Dexmedetomidine compare with fentanyl for postoperative analgesia in outpatient gynecologic laparoscopy: a randomized controlled trial

Abstract

Background: Low-dose dexmedetomidine provides postoperative analgesia with anti-emetic and anti-shivering. This prospective, randomized, double-blind study was designed to evaluate intraoperative infusion of dexmedetomidine and fentanyl in postoperative analgesia in outpatient gynecologic diagnostic laparoscopy under general anesthesia.

Material and method: Forty ASA physical status I and II patients scheduled for outpatient gynecologic diagnostic laparoscopy were randomly allocated into two groups, dexmedetomidine group (DEX group, n = 20), or fentanyl group (FEN group, n = 20). Either dexmedetomidine 0.5 microg/Kg or fentanyl 0.5 microg/Kg in normal saline 10 ml was infused intravenously for 10 min after induction of general anesthesia. An additional intravenous fentanyl 25 microg was provided for postoperative pain relief in PACU.

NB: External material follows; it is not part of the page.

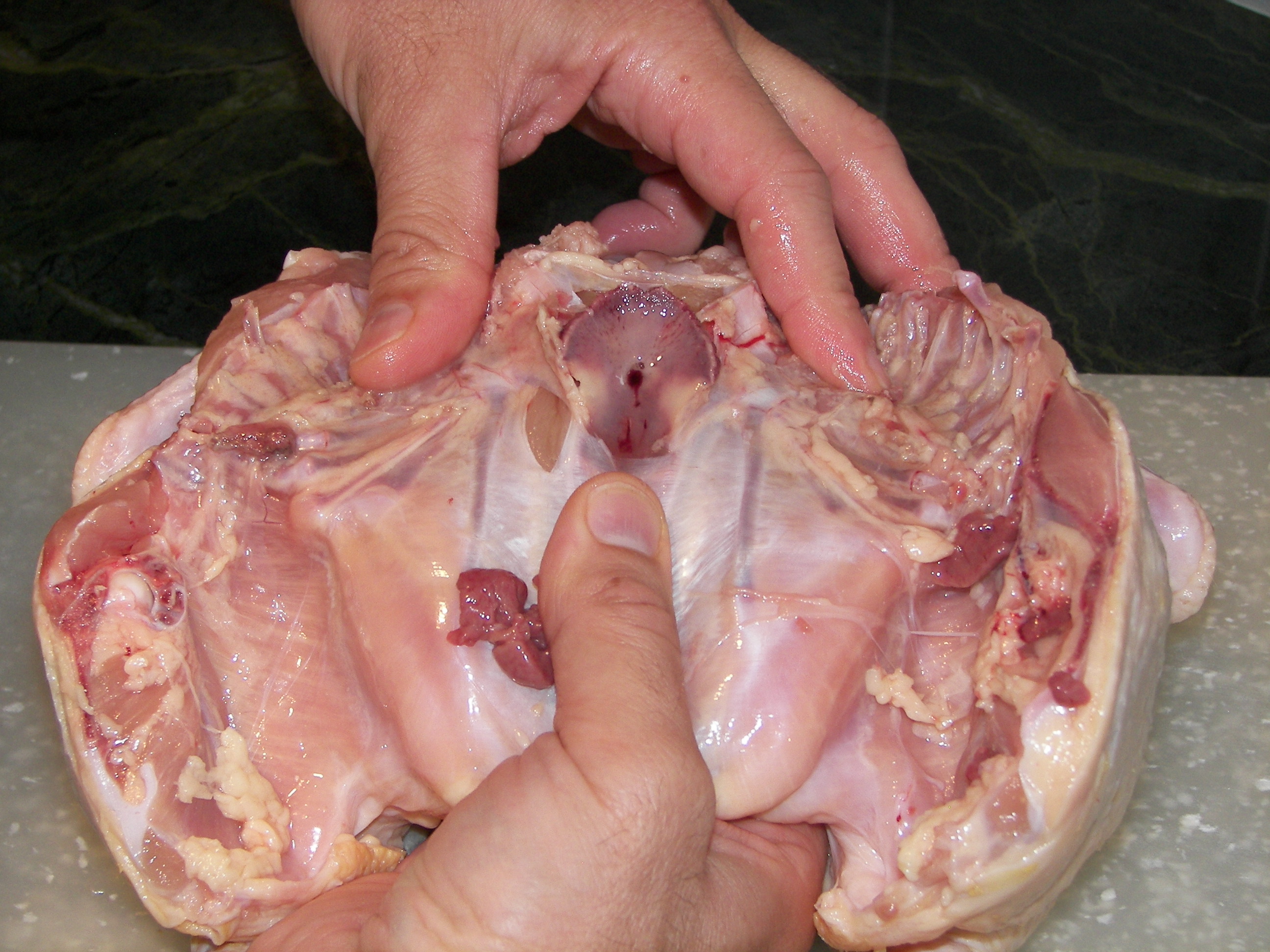 The next step is to remove the Sternum bone. It runs down the middle of the bird and looks similar to a little spoon. The bowl of the spoon will be hard bone material. The handle will appear as if it made from a white rubbery substance.

Results: Intraoperative hemodynamic data and time to tracheal extubation were similar in both groups. In the PACU, median VRS pain scores were lower in the DEX group at 15 min, 30 min, and 1 h postoperatively (3, 2, and 2 in DEX group vs. 5, 4, and 3 in FEN group, p < 0.05). In addition, the percentage of patients who required treatment of pain was less in the DEX group (45% vs. 85%, p < 0.05). There was less incidence of postoperative nausea in the DEX group (5% vs. 25%, p < 0.05). No statistical difference in shivering and sedation was found between groups.

Conclusion: The present study demonstrates that intravenous infusion of 0.5 microg/Kg of dexmedetomidine after induction of anesthesia was better analgesia than 0.5 microg/Kg of fentanyl in the postoperative period without delayed discharge and provided perioperative hemodynamic stability during gynecologic diagnostic laparoscopy.